- Exercise material
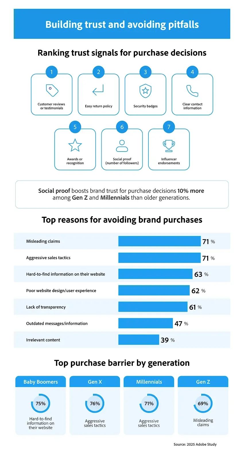 И, наконец, финальное открытие, сделанное Adobe на основе ответов респондентов, — «сигналы доверия», которые помогают брендам завоевать преданность аудитории. Для большинства доверие формируют отзывы пользователей, простые правила возврата товаров, значки о безопасности продукции бренда и полная контактная информация.
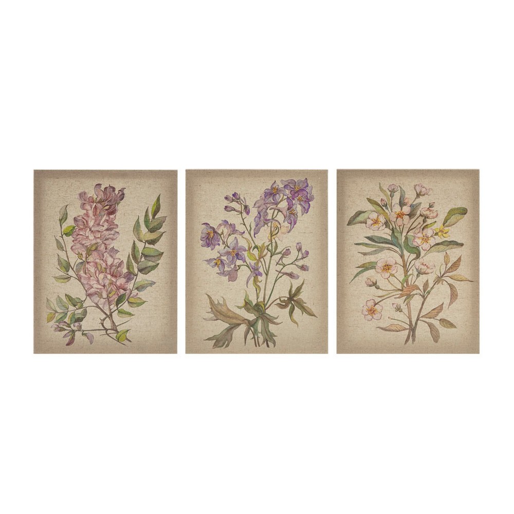 Linen Botanicals Multi Illustration 3-piece Canvas Wall Art Set
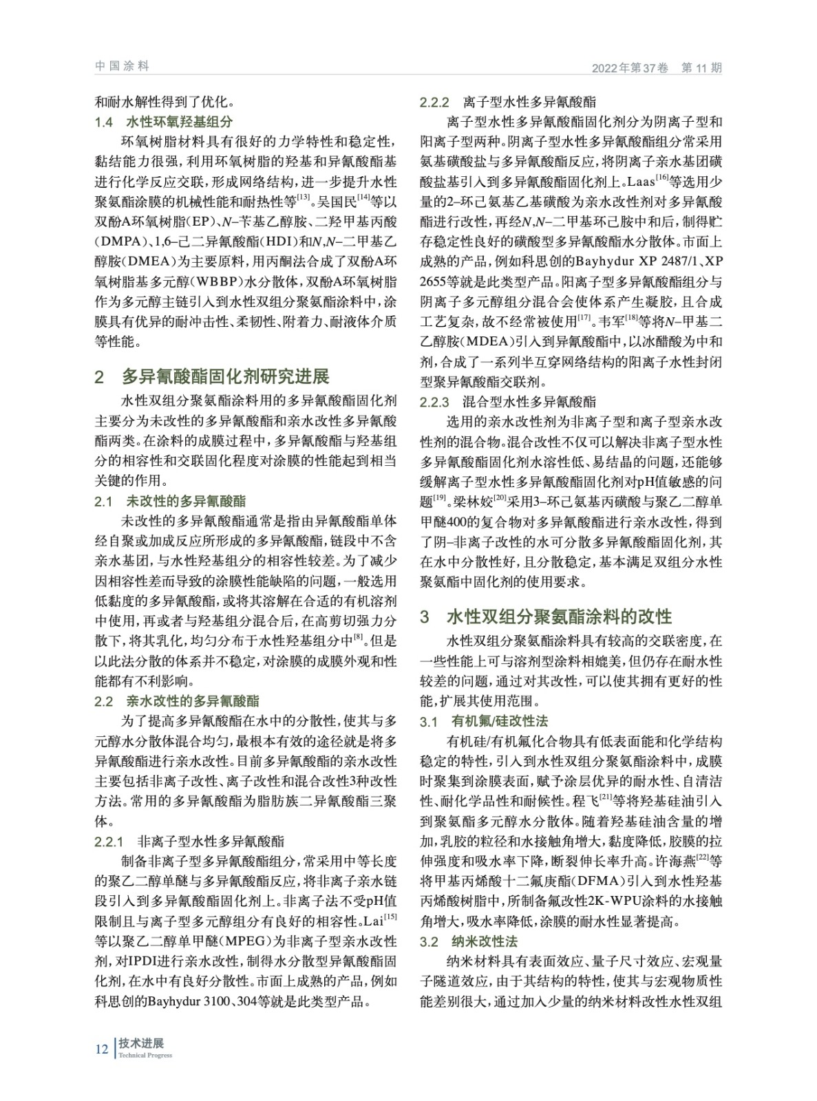 摘要:介紹了水性雙組分聚氨酯涂料的組成,對(duì)其羥基組分、多異氰酸酯固化劑的研究進(jìn)展進(jìn)行了綜述,并論述了其改性研究和應(yīng)用現(xiàn)狀。
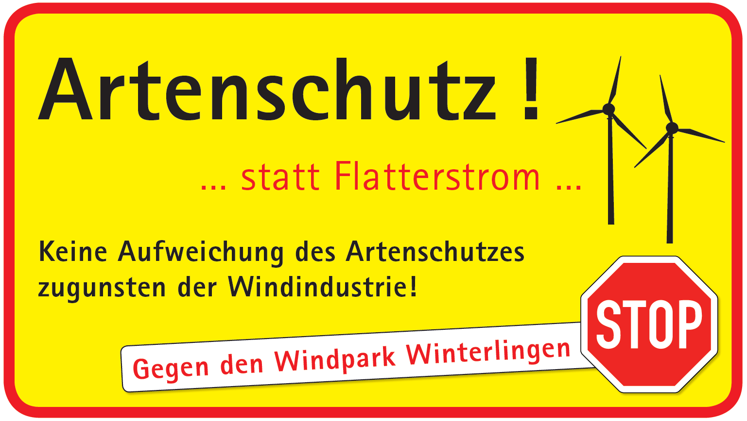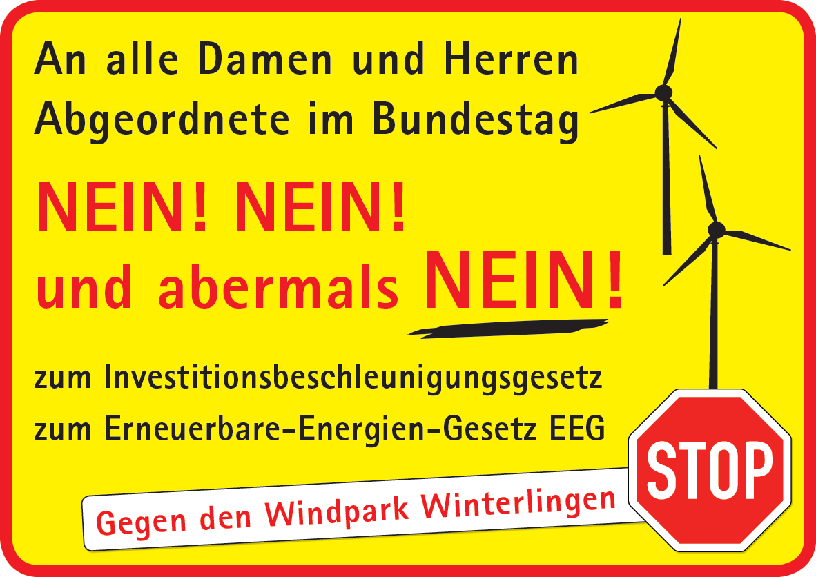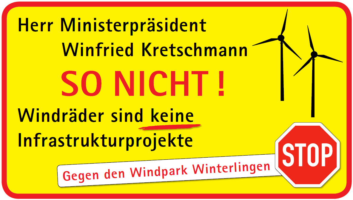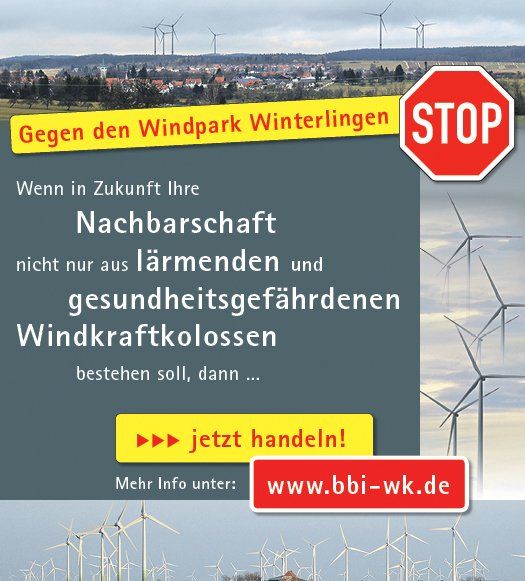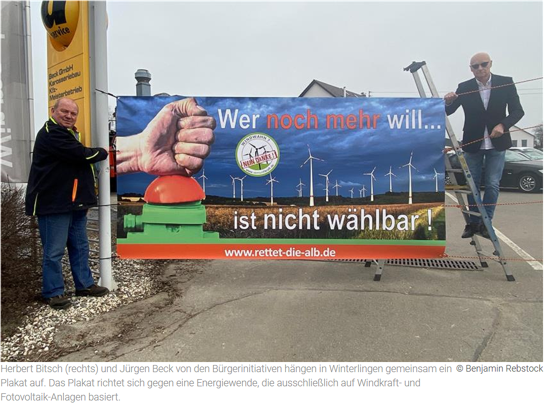 Es werden jeweils zwei Plakate in Bitz und in Freudenweiler aufgestellt. In Winterlingen steht das Plakat auf dem privaten Anwesen von Mitstreiter Jürgen Beck. Die Idee für diese Aktion, so Herbert Bitsch, entspringe einem Gastbeitrag des ehemaligen Hamburger Umweltsenators Prof. Dr. Fritz Vahrenholt zum Thema „Die Energiewende wird an der Windindustrie scheitern“.
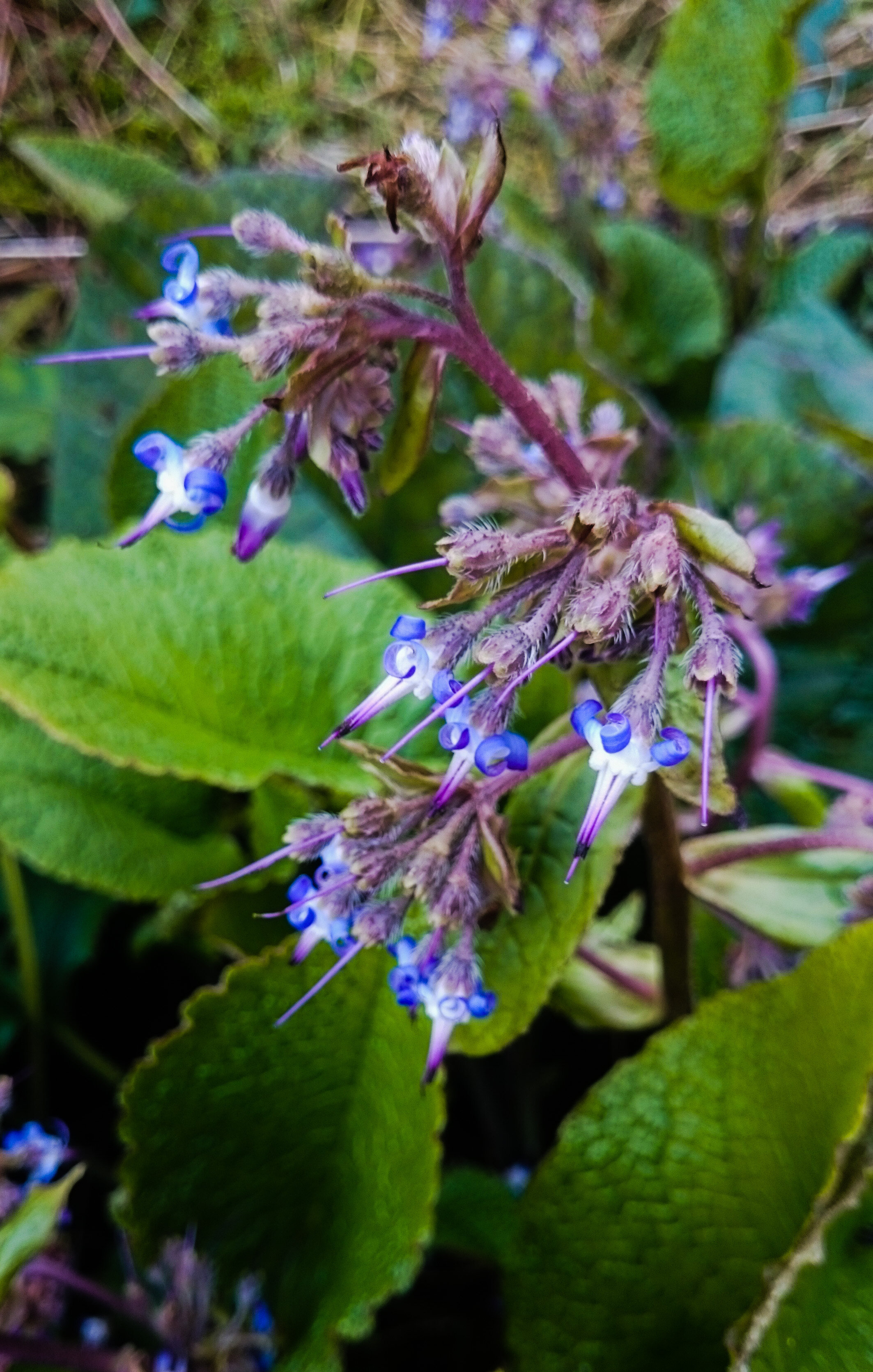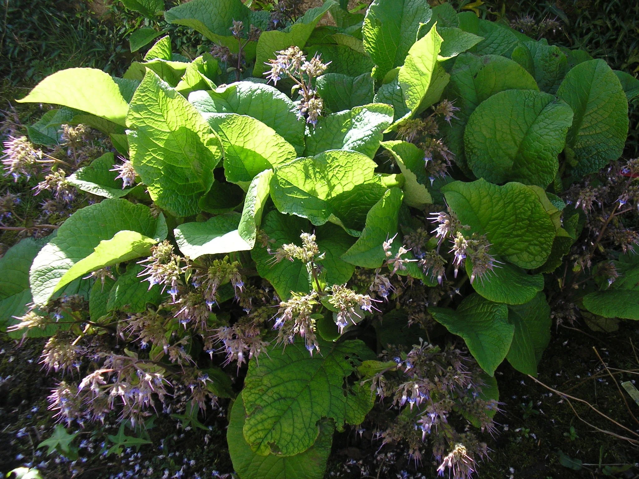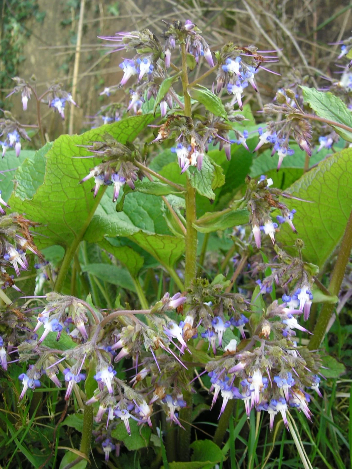 A spreading, shade-loving plant with large, rough, overlapping leaves providing a great ground cover. Before the leaves appear, sky-blue flowers appear from March to May on 40cm, brownish-red stems.
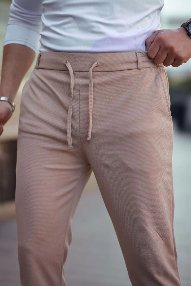 Erkek Diagonel Mikro Dokulu Cepli Pantolon - Bej

- What to work on
Print, exactly and only, the lines running from the line with "A spreading, shade-loving" through the last line of the data, including both. Skip any picture.

- Answer to this problem
 A spreading, shade-loving plant with large, rough, overlapping leaves providing a great ground cover. Before the leaves appear, sky-blue flowers appear from March to May on 40cm, brownish-red stems.
 Erkek Diagonel Mikro Dokulu Cepli Pantolon - Bej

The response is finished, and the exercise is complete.